Take a hike in one of America’s 171 national forests. Your dog is welcome but must be on leash in developed recreation areas. Remember to pack out or bury any waste.
You may make a fool of yourself with a dog, and not only will he not scold you, but he will make a fool of himself too. –Samuel Butler
Every dog needs plenty of toys to stave off boredom by chewing, tugging, shaking and killing, tossing, carrying, hiding, burying and napping with them. Rotate toys to keep them interesting.
Dogs make terrific therapists. If your dog consistently responds to basic commands, enjoys new situations, and lights up around strangers, animal-assisted therapy can be a great way to do volunteer work while spending time with your dog.
In recent years canine health care has gone holistic. Veterinary chiropractors and acupuncturists are being consulted to alleviate pain alongside traditional practitioners.
Keep your dog’s mind sharp and body toned by involving him in canine sports such as agility, freestyle, flyball, lure coursing, herding or water trials. Dog camps are the best places to sample an array of these activities.

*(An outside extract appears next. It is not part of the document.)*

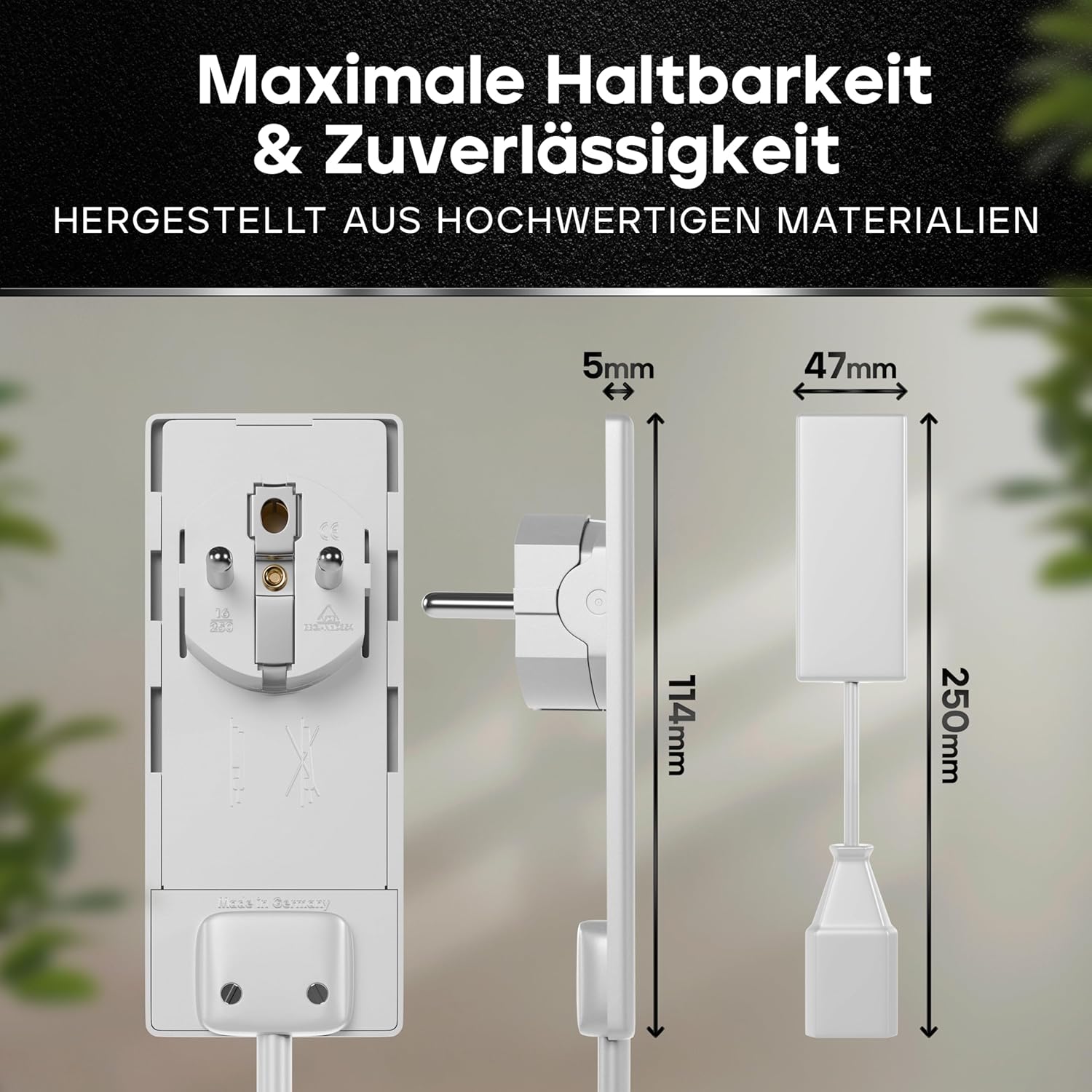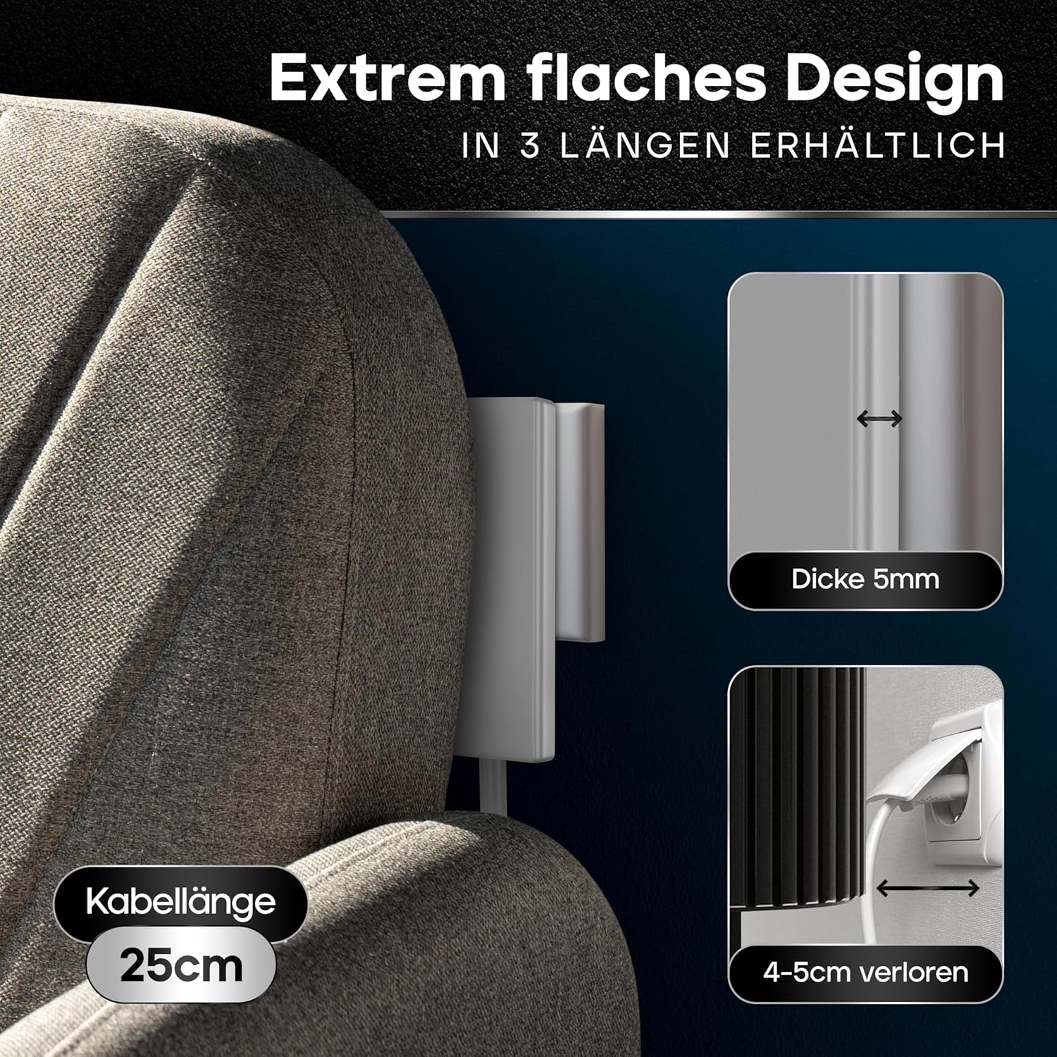- ✅ 𝐄𝐈𝐍𝐙𝐈𝐆𝐀𝐑𝐓𝐈𝐆 - Das wohl einzige Verlängerungskabel Flachstecker, welches nur 5mm Platz hinter der Steckdose benötigt!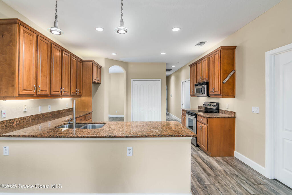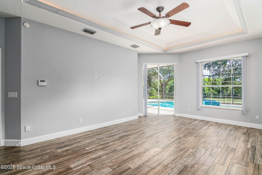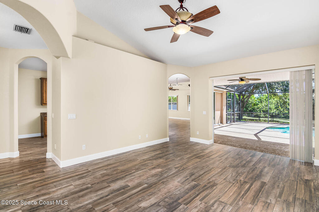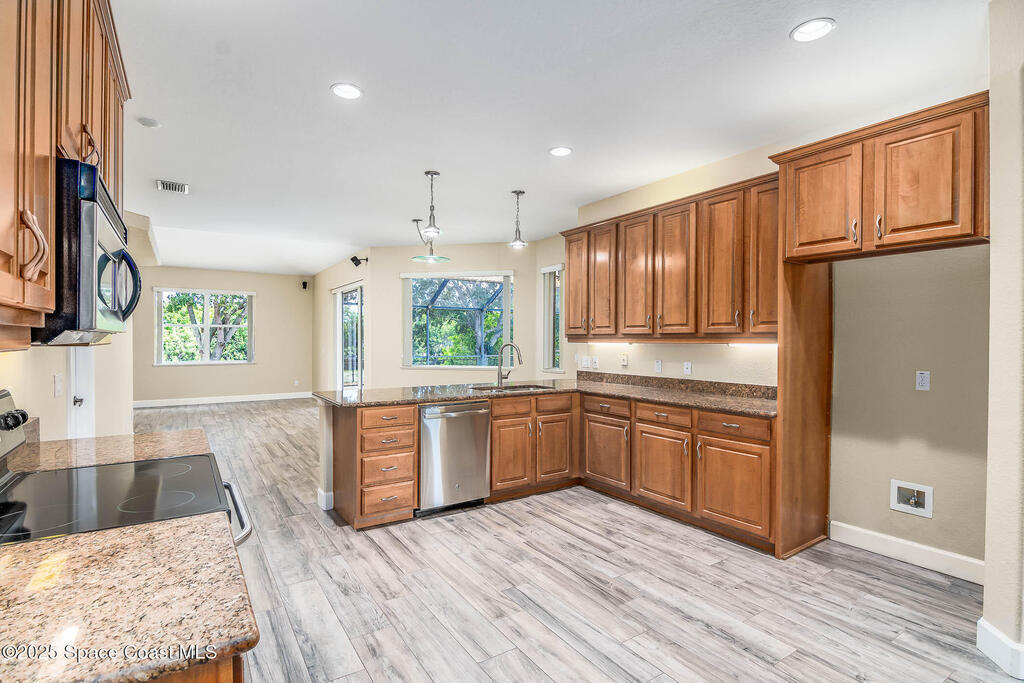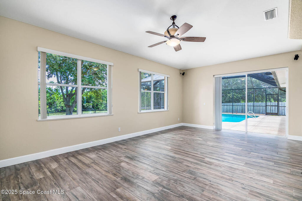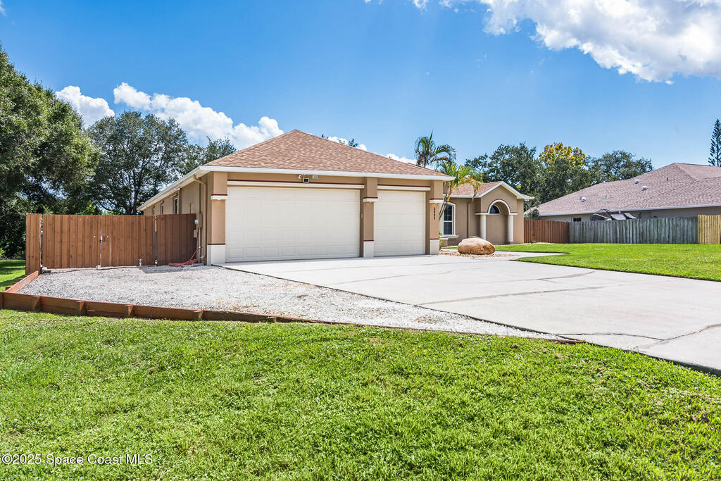 Bring an Offer! Discover this beautiful 5-bedroom, 3-bath pool home on a half-acre lot with NO HOA in Merritt Island, Florida! This move-in ready home features an open-concept kitchen with breakfast nook, spacious living and family rooms, and a formal dining room--ideal for entertaining. Enjoy the Florida lifestyle in your screened lanai with heated pool, waterfall spa, and outdoor shower. The primary suite offers his-and-hers closets, jetted tub, dual shower heads, and direct pool access. Fenced yard includes RV parking with 50-amp and sewer hookup, boat parking, and a storage shed. Upgrades include: vaulted ceilings, quartz countertops in baths, decorative transoms, central vacuum, 3-car garage with brand-new floor coating, clear storm shutters, disappearing sliding glass doors, new roof (2025), and pool resurfacing (2023). Conveniently located 10 minutes to Kennedy Space Center, 15 minutes to Cocoa Beach, and 40 minutes to Orlando International Airport. Experience Florida Living!

As tempting as it may be, avoid giving your dog chocolate. Even small amounts can be toxic, causing a rapid heartbeat, collapse and, in some cases, death.
If you live in the country or go there on weekends, get your dog a reflective orange vest to wear outdoors during hunting season. Don’t let your dog become another hunting casualty.
The dog was created specially for children. He is the god of frolic. –Henry Ward Beecher
To costume or not to costume, that is the question. If you enjoy dressing up your dog (and he enjoys it as well), make sure the costume does not hamper sight or movement. Take a few days to acclimate the dog to the finery before showing him off to adoring friends and relatives.
Halloween can be a scary time for pets. If they are not well socialized, put them in a quiet place during trick-or-treat hours or a party. And keep them indoors so they won’t fall victim to neighborhood pranksters.